Наконец снова раздался смех.
«Дело прошлое». — Друскат махнул рукой.
Он поискал в кармане носовой платок, вытер рот и сказал:
«Кстати, я приехал к вам в Альтенштайн не с пустыми руками. Мне пришлось долго осаждать окружное руководство, пока там наконец поняли, что необходимо дать нам какой-то шанс здесь, на Топи. Нам обещали выделить стадо коров ценной голландской породы, каждая корова достойна золотой медали».
Он хотел поднять настроение, рассчитывал на аплодисменты, думал, что сейчас вот крестьяне воскликнут:
«Ого!», или «Вот это да!», или еще что-нибудь в этом роде. Но ошибся. Они смотрели на него с тупым безразличием, кое-кто в замешательстве уставился в пол. Женщины сидели так, как они, наверно, когда-то сидели на своем первом балу. Потупив глаза и плотно сжав колени, они смущенно ждали, когда кто-нибудь пригласит их на танец. Интересно, кто направится к ним через весь зал? А что произойдет потом на улице возле калитки? И только фрау Цизениц, скрестив руки на мощной груди, отважно смотрела в лицо Друскату. То, что она терлась массивной спиной о спинку стула, еще ни о чем особенном не говорило, возможно, ей просто впились в тело шнурки от корсета, если, конечно, она носила подобную броню.
«Разве это пустяки? — воскликнул Друскат. — Это больше чем помощь на старте, господа, это доказательство доверия!»
«Подумаешь, новость, — заметила фрау Цизениц, почесывая бедро. — Стадо вчера еще прибыло на пароме».
Друскат не желал смириться с тупостью крестьян.

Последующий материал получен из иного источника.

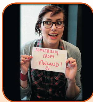
Фото: Кампус-фестиваль г. Миккели

Фестиваль является также частью маркетинговой стратегии Университета прикладных наук Миккели. Событие привлекает потенциальных студентов и будущих партнеров университета. Методика Миккели способствует развитию сотрудничества между всеми организациями города, а Университету помогает получить статус координатора сообщества культурных учреждений региона Южного Саво.

«Тринадцать племенных коров, — с подъемом воскликнул он, — тринадцать — счастливое число!»
Кеттнер внес поправку:
«Двенадцать».
«Что?»
«Одну корову забили», — сказал Кеттнер.
Позднее он не мог объяснить, что заставило его предать альтенштайнских крестьян. В сводках и в газетных заметках их частенько поругивали, писали, что они «плетутся в хвосте победоносного развития». Но виноваты в этом были не они одни: земля истощилась, луга поглотила Топь. Так альтенштайнские неудачники превратились в заговорщиков, после горьких разочарований пошли на жульничество. Господи, ведь им тоже хотелось жить, как и остальным крестьянам из зажиточных кооперативов в округе. Почему именно они, и так обиженные судьбой, должны ходить в бедняках. Кеттнер не мог точно сказать, что заставило его предать компанию. Быть может, ему понравился Друскат, а может, он почувствовал искренность в словах нового председателя, когда тот говорил о доверии, вот он и крикнул:
«Двенадцать. Одну корову забили».
«Кто?»
Друскат схватился за край стола.
Кеттнер не успел назвать имен, да, пожалуй, и не стал бы обвинять никого в отдельности, они все были в этом замешаны. Но он вообще не успел рот раскрыть, потому что Мальке и Хинцпетер стащили его со стула и в один голос заорали:
«Доносчик! Подхалим проклятый!»
Животное, мол, было ранено и чуть не подохло.
Кеттнер, молодой и сильный мужчина, попытался отделаться от вцепившейся в него нарочки, попробовал оттолкнуть их от себя. Мальке, покачнувшись, грохнулся об стену, женщины пронзительно взвизгнули и испуганно прижали руки к губам.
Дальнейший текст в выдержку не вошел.